Imagine the day when someone (a relative, a friend, a stranger) comes in to your home and touches every single, solitary piece of paper that you have ever filed (or piled), every trinket you ever collected, every piece of furniture you dusted, every item of clothing and pair of shoes you wore (or never did wear), every journal you wrote, every picture you framed or put in albums or stashed in a box, EVERYTHING and decides what happens to it all. Eventually that day will come! It is not something we spend a lot of time thinking about…perhaps it crosses our minds periodically but we quickly dismiss it and act as if it doesn’t affect what we do now. Today.
 
There will come a time when someone WILL make the decision on everything you own, hoard, collect, etc. They will determine whether (1) to keep it. (2) Sell it. (3) Give it away—and to whom? To Goodwill? To a child? To a grandchild? To a friend? Or (4) throw it away.
Some of the decisions will be difficult and heart wrenching, others will be easy. Some decisions will lead to tears, others to laughter. Some will wonder why in the world you kept “it” in the first place, others will wonder how it could have lasted so long. Some decisions will take a very long time as they read what you wrote and look at your pictures, others will not take long at all. Regardless of the time it takes or the emotions that surface….the task must be done. Everything we own will be touched and a judgment will be made as to what should happen to it.
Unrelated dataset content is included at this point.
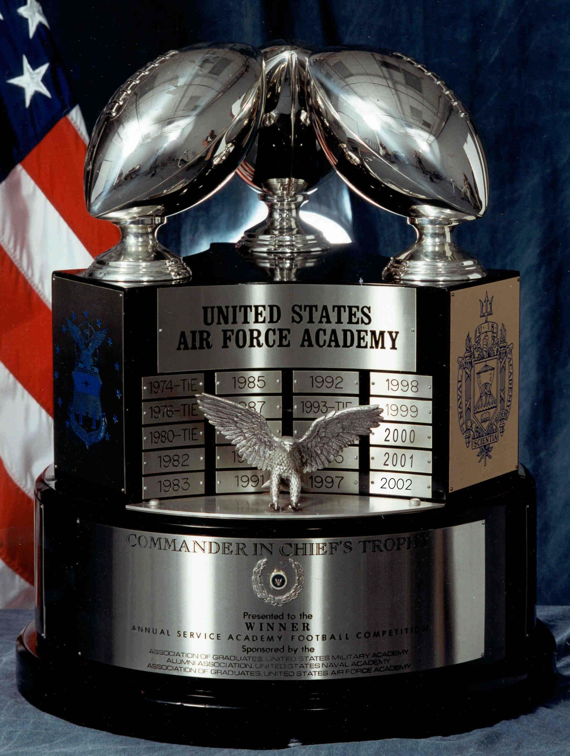 On December 6, 2003, the Navy regained possession of the Commander in Chief's trophy from the Air Force Academy by defeating the Air Force 28-25 in their inter-service game on October 4th, 2003 followed by a win against the Army 34-6 at the 104th Army-Navy game held on December 6, 2003. U.S. Air Force File photo.

Why do I bring all of this up? Why am I asking us to ponder this? Honestly, for many reasons!! But for one....because I often “count what doesn’t count” and I forget to “count my days so my days will count”!! Because as David says in Psalm 39, my time on earth will be brief!! My days are numbered!! My life is no longer than the width of my hand and my entire lifetime is just a moment….a breath!! What am I focusing on? What I have or don’t have? What I want and/or think I need? Stuff? Trials? Or am I focusing on relationships? Memories? Eternity?
We get what we go after…Oh Lord, make what I go after matter!! Help me to count my days while I still have days to count!! Help me to die empty!!! Help me to do "that" now and not wait! Help me to say "that" now and not wait! Become "that" now! Love them now!! I don't want to wait and still have love or works or words left!! I want to die empty!!
Thank you Tara for switching blog weeks with me so that I could move my dad into a long-term care facility….touching everything he and my mom had….making decisions about each one….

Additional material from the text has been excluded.